Food for love.

There was a time during grad school when it seemed like nothing was going my way. I wasn’t getting any positive results to my experiments or publishing while my colleagues were. I barely passed my qualifiers. So I took a writing class, because as an adolescent I used to drown my sorrows in poetry and I desperately needed the solace of the written word. Only this time it was a creative non-fiction class because the poetry class was full. But it was a good thing because now I can write this blog!
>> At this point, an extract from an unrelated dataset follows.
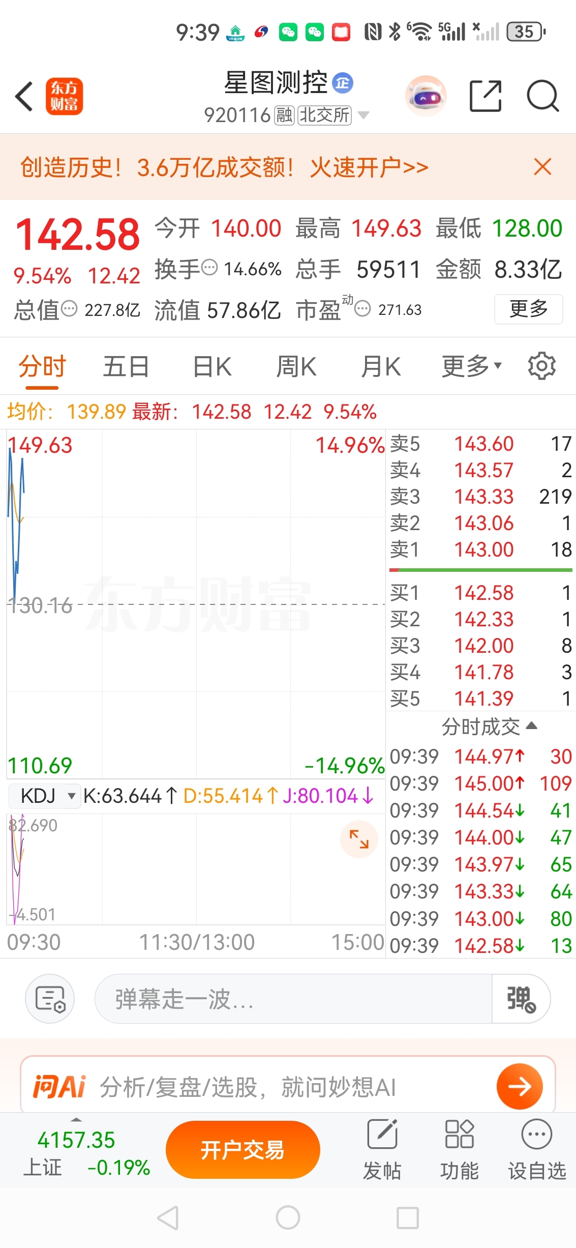 北交所商业航天星图测控大涨10个点

I continued to try my hand at cooking different kinds of Indian food. I bought a big Anolon non-stick pan – the first of my culinary investments which have now reached thousands of dollars. I delved further into South Indian food and introduced myself to Bengali cooking, the former a longing for my past and the latter an acknowledgment of my future (the husband is Bong). Until then the only time I had eaten Bengali food was when I visited my then boyfriend at Cornell. As I flip through my file I find a page with a recipe for Plantain curry followed my Maccher Kalia, co-existing peacefully on paper. I understood why the food of my childhood tasted the way it did and learned to appreciate Bengali flavors even though they were very different from my childhood tastes. The sounds and smells of mustard seeds, red chillies and curry leaves merged with the taste of whole garam masala (bay leaves, cinnamon, cardomom) and ginger on the pan and my tongue and everything else seemed worth it. Here was something I could do. I remember throwing a dinner party to celebrate my wedding with a menu of Kolhapuri chicken, achar ke aloo and malpuas (along with some store bought food) which was much appreciated, so much so that we ran short of food! What a thrill to be good at something. At last some of my experiments were working out and giving me some instant results.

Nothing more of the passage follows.